To achieve the aforementioned and other objectives, a semiconductor element with conductive bumps is provided according to a preferred embodiment of the present invention, which comprises: a semiconductor element having a plurality of bond pads formed on an active surface of the semiconductor element, wherein each of the bond pads has a predetermined bonding area; a passivation layer applied on the active surface with a plurality of openings formed for exposing the predetermined bonding areas; a buffer layer applied on the passivation layer and having a plurality of openings for exposing a portion of the predetermined bonding areas; a under bump metallurgy (UBM) layer formed on the plurality of bond pads for completely covering the predetermined bonding area; and a plurality of conductive bumps implanted on the UBM layer.

The fabrication method of the semiconductor element with conductive bumps comprises the steps of: providing a semiconductor element having a plurality of bond pads formed on an active surface of the semiconductor element, wherein each of the bond pads has a predetermined bonding area; applying a passivation layer on the active surface with a plurality of openings formed for exposing the predetermined bonding areas; applying a buffer layer on the passivation layer to cover the predetermined bonding areas; allowing the buffer layer with a plurality of openings to be formed for exposing a portion of the predetermined bonding areas; forming a UBM layer on the bond pads, allowing the predetermined bonding areas to be completely covered by the UBM layer; and implanting conductive bumps on the UBM layer.
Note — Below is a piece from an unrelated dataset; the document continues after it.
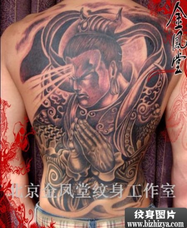 背部二郎神杨戬纹身作品北京金凤堂纹身店作品_凤凰纹身图案大全_纹身图吧

The fabrication method of the semiconductor element with conductive bumps according to the second preferred embodiment of the present invention comprises the steps of: providing a semiconductor element having a plurality of bond pads formed on an active surface of the semiconductor element, wherein each of the bond pads has a predetermined bonding area; applying a passivation layer on the active surface with a plurality of openings formed for exposing the predetermined bonding areas; applying a buffer layer on the passivation layer to partly cover the predetermined bonding areas; forming a UBM layer on the bond pads, allowing the predetermined bonding areas to be completely covered by the UBM layer; and implanting conductive bumps on the UBM layer.
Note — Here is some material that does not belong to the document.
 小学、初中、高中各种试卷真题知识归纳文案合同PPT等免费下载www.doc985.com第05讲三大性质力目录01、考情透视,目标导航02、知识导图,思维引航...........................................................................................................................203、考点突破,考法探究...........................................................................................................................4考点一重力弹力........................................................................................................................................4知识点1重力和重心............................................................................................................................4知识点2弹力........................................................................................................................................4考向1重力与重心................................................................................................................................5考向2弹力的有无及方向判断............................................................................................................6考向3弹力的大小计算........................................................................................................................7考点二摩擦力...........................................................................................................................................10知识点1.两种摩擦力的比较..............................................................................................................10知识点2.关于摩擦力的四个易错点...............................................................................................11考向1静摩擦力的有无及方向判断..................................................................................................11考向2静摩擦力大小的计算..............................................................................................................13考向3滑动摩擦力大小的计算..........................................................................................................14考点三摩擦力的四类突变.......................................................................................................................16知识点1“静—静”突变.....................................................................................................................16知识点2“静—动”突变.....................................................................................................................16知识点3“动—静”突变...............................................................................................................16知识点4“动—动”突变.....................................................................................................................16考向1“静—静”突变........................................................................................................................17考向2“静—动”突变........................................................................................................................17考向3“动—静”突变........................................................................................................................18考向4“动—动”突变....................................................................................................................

The features of the present invention are that allowing a portion of the buffer layer on the predetermined bonding areas of the bond pads to be remained by etching or masking and the buffer layer on the predetermined bonding areas may be jointed to edges of the plurality of openings of the buffer layer or may not be jointed to edges of the plurality of openings of the buffer layer, wherein the buffer layer on the predetermined bonding areas has a shape of roundness, strip or cross; and the buffer layer on the predetermined bonding areas is completely covered by the UBM layer.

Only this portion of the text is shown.